Jan und Julia sind ihre Nachbarn.
die Nachbarn (neighbors) is a plural noun. Possessive pronoun before plural nouns also require an ending “-e”.

In the accusative case (direct object case) and dative case (indirect object case), some personal pronouns change their endings. These topics will be discussed under lesson 14 (Pronouns in accusative) and lesson 20 (Pronouns in dative).

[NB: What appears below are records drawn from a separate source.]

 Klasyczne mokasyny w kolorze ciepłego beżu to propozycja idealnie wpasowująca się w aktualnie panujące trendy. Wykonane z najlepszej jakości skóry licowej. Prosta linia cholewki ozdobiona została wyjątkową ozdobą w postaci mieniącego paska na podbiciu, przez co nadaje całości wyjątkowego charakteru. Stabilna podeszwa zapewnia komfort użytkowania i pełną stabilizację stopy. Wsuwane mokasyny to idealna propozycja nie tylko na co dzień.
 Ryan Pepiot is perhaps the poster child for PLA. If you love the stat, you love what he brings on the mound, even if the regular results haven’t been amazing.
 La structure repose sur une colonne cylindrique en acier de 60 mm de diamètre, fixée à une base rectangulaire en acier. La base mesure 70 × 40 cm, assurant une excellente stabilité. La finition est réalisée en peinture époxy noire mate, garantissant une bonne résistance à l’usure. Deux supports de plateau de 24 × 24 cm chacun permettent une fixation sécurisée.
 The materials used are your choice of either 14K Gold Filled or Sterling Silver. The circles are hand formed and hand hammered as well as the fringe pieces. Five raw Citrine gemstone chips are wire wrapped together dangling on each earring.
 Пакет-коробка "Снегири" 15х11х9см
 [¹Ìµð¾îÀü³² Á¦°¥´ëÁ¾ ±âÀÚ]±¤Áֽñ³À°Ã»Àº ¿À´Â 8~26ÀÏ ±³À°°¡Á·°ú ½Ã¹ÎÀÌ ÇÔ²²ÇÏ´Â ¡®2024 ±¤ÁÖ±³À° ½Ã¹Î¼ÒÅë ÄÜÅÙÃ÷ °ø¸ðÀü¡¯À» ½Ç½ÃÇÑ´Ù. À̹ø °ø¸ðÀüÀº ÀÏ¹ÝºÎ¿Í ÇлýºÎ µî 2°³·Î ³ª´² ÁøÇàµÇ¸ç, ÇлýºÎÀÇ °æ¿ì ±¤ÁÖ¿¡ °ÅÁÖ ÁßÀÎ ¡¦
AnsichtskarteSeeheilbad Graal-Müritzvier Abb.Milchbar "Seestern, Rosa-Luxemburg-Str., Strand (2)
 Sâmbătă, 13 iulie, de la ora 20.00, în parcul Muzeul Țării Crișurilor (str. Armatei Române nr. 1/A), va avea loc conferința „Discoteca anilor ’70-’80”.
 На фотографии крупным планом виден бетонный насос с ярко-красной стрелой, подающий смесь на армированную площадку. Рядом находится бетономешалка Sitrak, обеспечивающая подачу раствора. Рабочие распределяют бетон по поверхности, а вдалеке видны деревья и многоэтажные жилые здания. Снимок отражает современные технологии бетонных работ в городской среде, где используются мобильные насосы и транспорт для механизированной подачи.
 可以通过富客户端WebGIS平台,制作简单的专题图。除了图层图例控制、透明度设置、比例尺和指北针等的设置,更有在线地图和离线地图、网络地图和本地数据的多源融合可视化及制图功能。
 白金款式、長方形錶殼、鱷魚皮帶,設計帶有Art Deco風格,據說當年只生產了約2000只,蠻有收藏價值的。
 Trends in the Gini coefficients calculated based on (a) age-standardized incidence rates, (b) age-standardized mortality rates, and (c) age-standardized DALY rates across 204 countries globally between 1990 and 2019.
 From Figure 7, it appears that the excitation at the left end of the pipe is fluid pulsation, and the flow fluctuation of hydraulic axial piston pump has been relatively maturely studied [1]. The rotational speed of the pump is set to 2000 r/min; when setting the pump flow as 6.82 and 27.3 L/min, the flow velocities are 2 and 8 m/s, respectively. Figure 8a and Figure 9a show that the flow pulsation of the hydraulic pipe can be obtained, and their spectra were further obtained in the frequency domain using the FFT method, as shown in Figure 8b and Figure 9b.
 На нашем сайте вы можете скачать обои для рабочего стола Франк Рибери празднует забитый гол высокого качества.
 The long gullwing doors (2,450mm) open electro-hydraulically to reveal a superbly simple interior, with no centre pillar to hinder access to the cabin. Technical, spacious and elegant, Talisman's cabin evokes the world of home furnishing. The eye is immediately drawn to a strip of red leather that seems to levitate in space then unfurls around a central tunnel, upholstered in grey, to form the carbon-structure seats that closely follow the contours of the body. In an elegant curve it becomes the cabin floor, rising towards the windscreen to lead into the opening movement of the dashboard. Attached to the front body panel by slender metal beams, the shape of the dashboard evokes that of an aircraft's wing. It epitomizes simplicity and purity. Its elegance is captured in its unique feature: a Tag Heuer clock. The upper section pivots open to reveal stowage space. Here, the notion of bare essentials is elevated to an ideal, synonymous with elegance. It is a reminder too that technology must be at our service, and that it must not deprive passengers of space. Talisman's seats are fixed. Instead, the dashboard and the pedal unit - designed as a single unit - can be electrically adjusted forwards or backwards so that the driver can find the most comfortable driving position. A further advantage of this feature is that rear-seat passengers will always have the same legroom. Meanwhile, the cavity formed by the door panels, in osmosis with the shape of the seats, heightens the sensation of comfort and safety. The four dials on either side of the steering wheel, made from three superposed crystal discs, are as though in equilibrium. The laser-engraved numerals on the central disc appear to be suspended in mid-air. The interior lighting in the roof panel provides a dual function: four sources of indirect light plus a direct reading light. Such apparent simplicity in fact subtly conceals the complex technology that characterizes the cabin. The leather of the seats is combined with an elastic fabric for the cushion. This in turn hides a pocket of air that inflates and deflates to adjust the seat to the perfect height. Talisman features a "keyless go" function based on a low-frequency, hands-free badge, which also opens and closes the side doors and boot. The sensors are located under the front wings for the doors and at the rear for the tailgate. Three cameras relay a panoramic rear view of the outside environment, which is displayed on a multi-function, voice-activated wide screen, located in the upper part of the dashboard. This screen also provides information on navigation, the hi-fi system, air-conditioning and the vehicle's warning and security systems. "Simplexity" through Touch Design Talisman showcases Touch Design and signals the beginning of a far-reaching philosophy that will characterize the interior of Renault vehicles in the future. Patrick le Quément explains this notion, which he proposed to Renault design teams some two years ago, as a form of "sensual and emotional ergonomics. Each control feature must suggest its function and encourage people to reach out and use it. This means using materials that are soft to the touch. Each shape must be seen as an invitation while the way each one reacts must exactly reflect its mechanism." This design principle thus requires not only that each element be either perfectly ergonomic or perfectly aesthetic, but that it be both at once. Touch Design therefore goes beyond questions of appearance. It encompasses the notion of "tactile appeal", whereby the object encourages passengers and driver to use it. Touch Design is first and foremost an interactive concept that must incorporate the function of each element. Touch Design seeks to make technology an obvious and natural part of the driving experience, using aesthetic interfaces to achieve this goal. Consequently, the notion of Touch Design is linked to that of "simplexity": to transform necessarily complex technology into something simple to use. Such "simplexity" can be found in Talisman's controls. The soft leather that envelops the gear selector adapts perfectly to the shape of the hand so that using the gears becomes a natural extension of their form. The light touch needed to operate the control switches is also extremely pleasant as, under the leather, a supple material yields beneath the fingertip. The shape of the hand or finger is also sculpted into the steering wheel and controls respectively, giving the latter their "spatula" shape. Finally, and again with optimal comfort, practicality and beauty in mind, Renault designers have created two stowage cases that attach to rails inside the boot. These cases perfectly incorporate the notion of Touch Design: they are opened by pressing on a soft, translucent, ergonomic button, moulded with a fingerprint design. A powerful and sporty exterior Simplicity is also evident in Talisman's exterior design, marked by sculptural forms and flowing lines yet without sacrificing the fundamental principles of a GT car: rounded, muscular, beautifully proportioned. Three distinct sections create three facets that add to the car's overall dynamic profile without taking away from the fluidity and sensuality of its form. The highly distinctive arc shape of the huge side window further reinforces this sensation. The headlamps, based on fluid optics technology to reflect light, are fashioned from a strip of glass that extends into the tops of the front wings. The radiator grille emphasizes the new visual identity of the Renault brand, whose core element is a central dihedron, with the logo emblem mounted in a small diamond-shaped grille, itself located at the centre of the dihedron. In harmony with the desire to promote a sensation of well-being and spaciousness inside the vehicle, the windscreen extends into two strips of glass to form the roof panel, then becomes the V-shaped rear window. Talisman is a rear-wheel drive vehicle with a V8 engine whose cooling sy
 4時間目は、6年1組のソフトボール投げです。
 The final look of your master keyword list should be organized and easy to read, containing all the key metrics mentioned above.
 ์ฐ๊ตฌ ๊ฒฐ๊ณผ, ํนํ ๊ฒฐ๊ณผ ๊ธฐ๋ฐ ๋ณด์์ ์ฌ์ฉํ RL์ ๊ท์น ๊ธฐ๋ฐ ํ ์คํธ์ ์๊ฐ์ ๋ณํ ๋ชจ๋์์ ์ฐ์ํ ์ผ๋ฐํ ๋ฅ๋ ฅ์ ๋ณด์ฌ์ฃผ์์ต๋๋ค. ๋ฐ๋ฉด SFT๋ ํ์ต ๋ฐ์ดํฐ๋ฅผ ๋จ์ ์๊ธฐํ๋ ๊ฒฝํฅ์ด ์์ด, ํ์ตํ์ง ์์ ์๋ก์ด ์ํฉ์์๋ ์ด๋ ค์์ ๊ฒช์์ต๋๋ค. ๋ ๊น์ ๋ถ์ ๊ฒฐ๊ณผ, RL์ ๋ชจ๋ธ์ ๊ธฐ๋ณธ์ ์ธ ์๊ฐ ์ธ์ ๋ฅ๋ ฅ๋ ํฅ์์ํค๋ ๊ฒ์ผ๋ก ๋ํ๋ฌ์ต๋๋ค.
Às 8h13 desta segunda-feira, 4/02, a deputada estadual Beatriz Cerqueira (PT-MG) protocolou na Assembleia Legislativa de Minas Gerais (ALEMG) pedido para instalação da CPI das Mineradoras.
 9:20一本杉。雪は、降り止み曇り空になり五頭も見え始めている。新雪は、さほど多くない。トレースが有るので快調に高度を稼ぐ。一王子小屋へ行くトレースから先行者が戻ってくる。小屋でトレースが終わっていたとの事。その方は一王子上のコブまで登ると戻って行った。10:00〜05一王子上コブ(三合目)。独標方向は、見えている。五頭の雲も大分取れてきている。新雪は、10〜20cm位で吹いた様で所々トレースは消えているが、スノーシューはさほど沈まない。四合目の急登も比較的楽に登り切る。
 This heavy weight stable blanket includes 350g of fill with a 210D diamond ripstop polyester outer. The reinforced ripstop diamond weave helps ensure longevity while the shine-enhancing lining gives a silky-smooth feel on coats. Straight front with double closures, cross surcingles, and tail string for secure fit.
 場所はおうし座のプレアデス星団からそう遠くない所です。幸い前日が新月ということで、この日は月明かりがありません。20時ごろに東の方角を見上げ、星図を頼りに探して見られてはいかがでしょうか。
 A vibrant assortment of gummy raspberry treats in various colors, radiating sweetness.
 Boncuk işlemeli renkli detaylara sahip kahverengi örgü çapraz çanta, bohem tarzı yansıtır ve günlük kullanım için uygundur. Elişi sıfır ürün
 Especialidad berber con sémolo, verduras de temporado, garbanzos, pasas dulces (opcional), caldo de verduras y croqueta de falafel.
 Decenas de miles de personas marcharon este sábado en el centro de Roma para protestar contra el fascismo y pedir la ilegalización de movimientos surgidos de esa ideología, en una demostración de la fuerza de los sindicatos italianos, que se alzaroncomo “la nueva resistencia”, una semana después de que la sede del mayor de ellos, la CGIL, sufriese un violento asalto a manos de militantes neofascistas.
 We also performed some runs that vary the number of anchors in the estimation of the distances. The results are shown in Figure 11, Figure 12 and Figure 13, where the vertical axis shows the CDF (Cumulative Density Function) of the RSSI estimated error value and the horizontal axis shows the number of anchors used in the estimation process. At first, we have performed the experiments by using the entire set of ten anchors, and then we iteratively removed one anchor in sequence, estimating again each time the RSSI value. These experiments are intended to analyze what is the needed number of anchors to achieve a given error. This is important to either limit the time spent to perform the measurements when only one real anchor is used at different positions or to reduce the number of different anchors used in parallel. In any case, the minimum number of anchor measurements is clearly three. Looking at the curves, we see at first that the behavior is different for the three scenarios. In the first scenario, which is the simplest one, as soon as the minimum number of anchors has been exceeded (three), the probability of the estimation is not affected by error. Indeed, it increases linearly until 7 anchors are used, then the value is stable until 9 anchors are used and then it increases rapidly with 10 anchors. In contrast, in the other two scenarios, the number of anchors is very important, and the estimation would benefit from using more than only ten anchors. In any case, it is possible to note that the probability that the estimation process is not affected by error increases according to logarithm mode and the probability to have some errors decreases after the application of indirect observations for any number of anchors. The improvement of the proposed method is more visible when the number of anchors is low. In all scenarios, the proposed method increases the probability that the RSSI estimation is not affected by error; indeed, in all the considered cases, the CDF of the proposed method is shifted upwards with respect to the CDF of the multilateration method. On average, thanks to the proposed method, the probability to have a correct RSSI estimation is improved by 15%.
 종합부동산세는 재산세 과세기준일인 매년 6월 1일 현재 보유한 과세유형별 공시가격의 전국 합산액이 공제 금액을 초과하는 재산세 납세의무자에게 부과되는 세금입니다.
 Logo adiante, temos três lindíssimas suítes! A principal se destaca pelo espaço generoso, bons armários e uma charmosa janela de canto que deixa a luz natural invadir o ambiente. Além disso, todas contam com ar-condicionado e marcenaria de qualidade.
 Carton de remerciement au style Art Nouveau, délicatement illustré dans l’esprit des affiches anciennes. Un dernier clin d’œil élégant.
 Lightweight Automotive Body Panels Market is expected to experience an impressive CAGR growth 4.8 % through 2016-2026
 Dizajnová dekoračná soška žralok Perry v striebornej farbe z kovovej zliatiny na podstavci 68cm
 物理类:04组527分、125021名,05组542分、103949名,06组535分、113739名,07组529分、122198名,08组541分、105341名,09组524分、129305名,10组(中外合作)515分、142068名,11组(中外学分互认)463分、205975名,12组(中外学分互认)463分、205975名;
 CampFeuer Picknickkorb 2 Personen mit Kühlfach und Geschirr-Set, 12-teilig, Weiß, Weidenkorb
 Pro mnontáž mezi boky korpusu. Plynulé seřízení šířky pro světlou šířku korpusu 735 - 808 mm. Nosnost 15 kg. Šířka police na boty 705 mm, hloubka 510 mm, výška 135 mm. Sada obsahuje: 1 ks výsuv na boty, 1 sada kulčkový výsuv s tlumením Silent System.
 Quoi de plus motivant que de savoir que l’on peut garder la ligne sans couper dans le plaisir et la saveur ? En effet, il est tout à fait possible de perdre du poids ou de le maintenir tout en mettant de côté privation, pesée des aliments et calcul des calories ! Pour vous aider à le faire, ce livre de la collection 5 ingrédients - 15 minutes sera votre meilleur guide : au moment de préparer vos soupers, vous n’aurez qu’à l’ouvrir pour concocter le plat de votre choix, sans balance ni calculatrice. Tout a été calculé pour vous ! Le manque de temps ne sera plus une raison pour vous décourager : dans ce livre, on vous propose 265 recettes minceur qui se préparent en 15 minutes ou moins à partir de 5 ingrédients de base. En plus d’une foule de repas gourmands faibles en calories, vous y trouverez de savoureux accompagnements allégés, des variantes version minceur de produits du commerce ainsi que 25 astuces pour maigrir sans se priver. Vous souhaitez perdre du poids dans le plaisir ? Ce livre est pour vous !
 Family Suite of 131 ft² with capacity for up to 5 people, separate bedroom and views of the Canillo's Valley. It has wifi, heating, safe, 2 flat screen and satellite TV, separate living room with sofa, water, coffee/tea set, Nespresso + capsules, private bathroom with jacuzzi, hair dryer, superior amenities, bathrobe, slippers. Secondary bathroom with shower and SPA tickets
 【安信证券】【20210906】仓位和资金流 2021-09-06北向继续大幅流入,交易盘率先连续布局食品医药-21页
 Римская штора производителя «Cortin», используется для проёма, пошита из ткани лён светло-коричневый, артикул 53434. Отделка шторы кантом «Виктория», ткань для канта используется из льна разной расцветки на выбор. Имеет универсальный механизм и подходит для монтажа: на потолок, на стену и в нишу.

Demonstrative pronouns in the nominative case

Demonstrative pronouns are the words like “this”, “that”, “these” and “those”. Demonstrative pronouns are used to distinguish specific thing/things or person/persons from others. Demonstrative pronouns in German for the English words “that” and "that" are the same as the German definite articles i.e. der, die, das, and die (plural).

English German
Singular demonstrative pronouns
that / this der (for masculine nouns)

die (for feminine nouns)

das (for neuter nous)
Plural demonstrative pronouns
that / these die


Der Mann ist mein Bruder. (That man is my brother.)

Die sind meine Eltern. (That are my parents.)

Die sind meine Kinder. (That are my children.)

For the English word this, German has a word dieser. It is explained further in the following table.

English German
Singular demonstrative pronouns
this dieser (for masculine nouns)

diese (for feminine nouns)

dieses (for neuter nous)
Plural demonstrative pronouns
these/those diese


Diese Frau ist seine Schwester. (This woman is his sister.)

Dieser Mann ist mein Bruder. (This man is my brother.)

Diese Kinder sind in Gruppe eins. (These children are in group one.)

Dieses Mädchen ist auch in Gruppe eins. (This girl is also in group one.)
"Das Mädchen" is a neuter noun.

Reflexive pronouns

A reflexive pronoun act either as an object or an indirect object. In English, reflexive pronouns are myself, yourself, himself, herself, oneself, itself, ourselves, yourselves, and themselves. Since all reflexive pronouns are in the objective case (accusative case), they will be discussed after the explanation of German accusative case.